The second is a tart reminder for those who have clearly not dealt with loss enough to know the social obligations - showing up for those who are bereaved, in person. In the simplest prose, he talks about how death commands presence and not texts and emojis over social media platforms. He leaves almost an empty space, a gap, in addressing what happens when you don’t and those ellipses are for you to fill in any case.
“Send Khichdi. Bring lunch. Drop off a book. Check in on the ones you love.
And remember that you’re being watched from a far up place.
So just put on a clean shirt and go.”
I should also confess that I truly feel perhaps this book was written for me alone, simply because the date of its release coincided with my grandfather’s service and there are instances in the book which remind me of the experiences we’ve had to go through as a family and even as individuals in seeing him suffer in the ICU.
"A sudden howling at 4 am does not alarm us; we see it as a general annoyance, and if it had in us – some final reserve of strength – we might have slapped the suffering man out of it.

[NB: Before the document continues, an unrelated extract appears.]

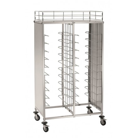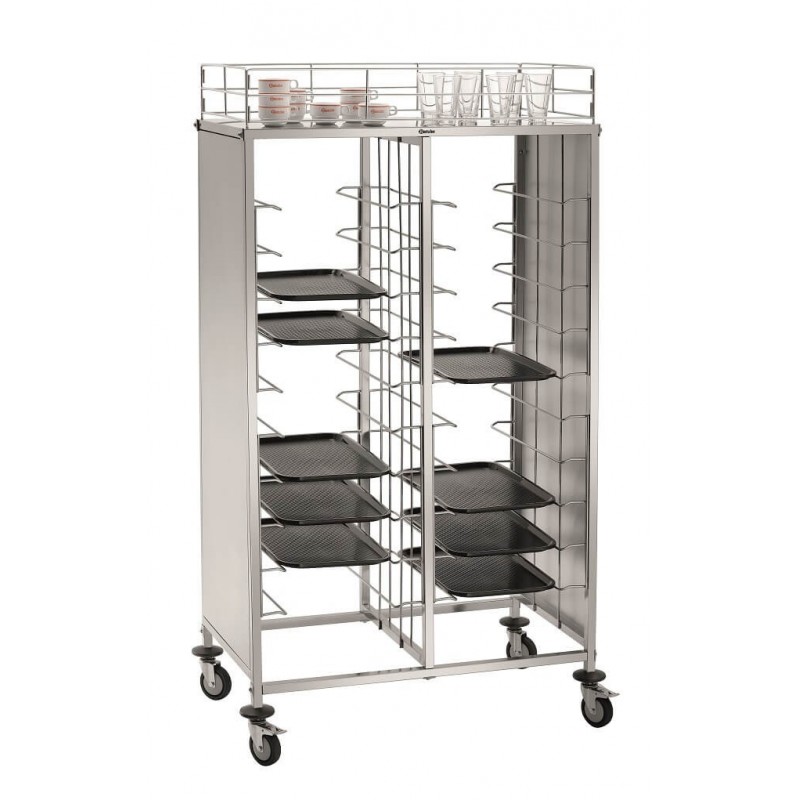 540.24 € TTCTray trolley specially designed for transporting 443x343mm meal trays or GN1/1 containers (not GN1/1 trays), 20 levels of runners that can be filled on both sides in 464x565mm format spaced 120mm apart, max load per runner 10kg, upper shelf cabinet for cups and glasses with guardrail, max load 10 kg, on 4 directional castors, 2 of which have brakes - delivered as a kit

The ICU in most Indian hospitals is where despair meets expenses, suffering is defeated by death…”
Truth be told, most of these observations are intense and detail-oriented, you would not register these if you have not lived through them personally, or not in the ways it hits those who have toiled their time outside the waiting areas in utmost anxiousness (“graduates in the art of waiting room”). The section in one of the essays where he talks in great detail about the ICU waiting is particularly haunting and stays in contrast to the lived experience if you have had any (I truly hope not). He summarizes that, almost as a note to himself,
“Not all creative writing schools come with a degree.”

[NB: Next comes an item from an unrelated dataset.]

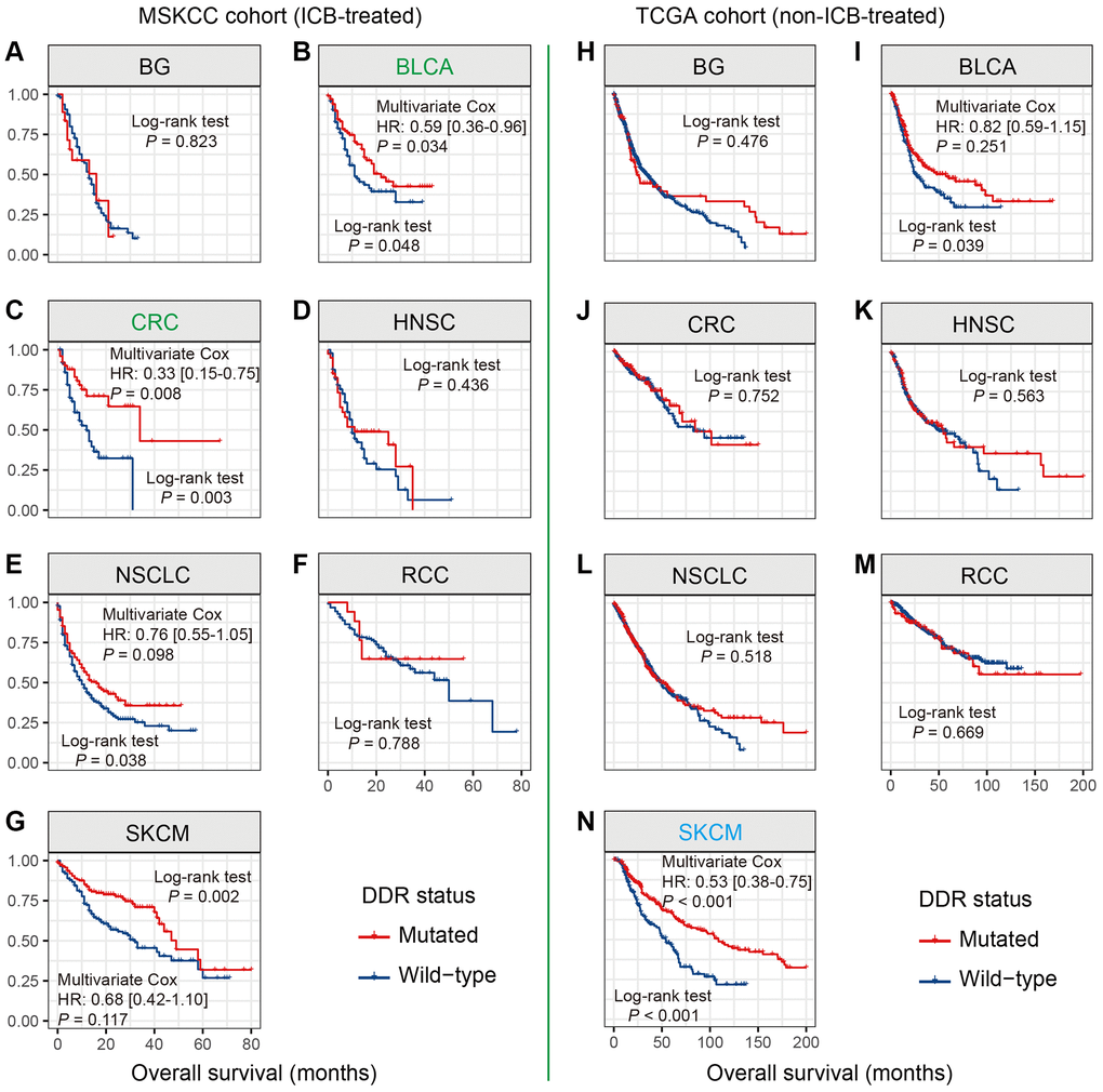 DDR mutations were not correlated with patients’ survival in BG, HNSC, NSCLC, and RCC in both MSKCC and TCGA cohorts (all Log-rank test P > 0.05; Figure 3A, 3D, 3F, 3H, 3K, 3L, 3M).

In an interview, the author mentioned how ritualistic the entire practice of death remains to be. Loss comes in handy when you run out of things to do and when you run out of your energy to function on auto-pilot, especially if you are coping with a demise in your personal world. It’s supposed to help you understand that even with all the grief in the world, you are not alone and you are still wholesome, and there’s something to learn from everything, even loss.
Loss is a book that you should gift to everyone you know who’s lost someone, and are finding it hard to cope with their loss. It’s a book to cherish and celebrate the lives of those who helped us be better people – whether it was your parent or pet.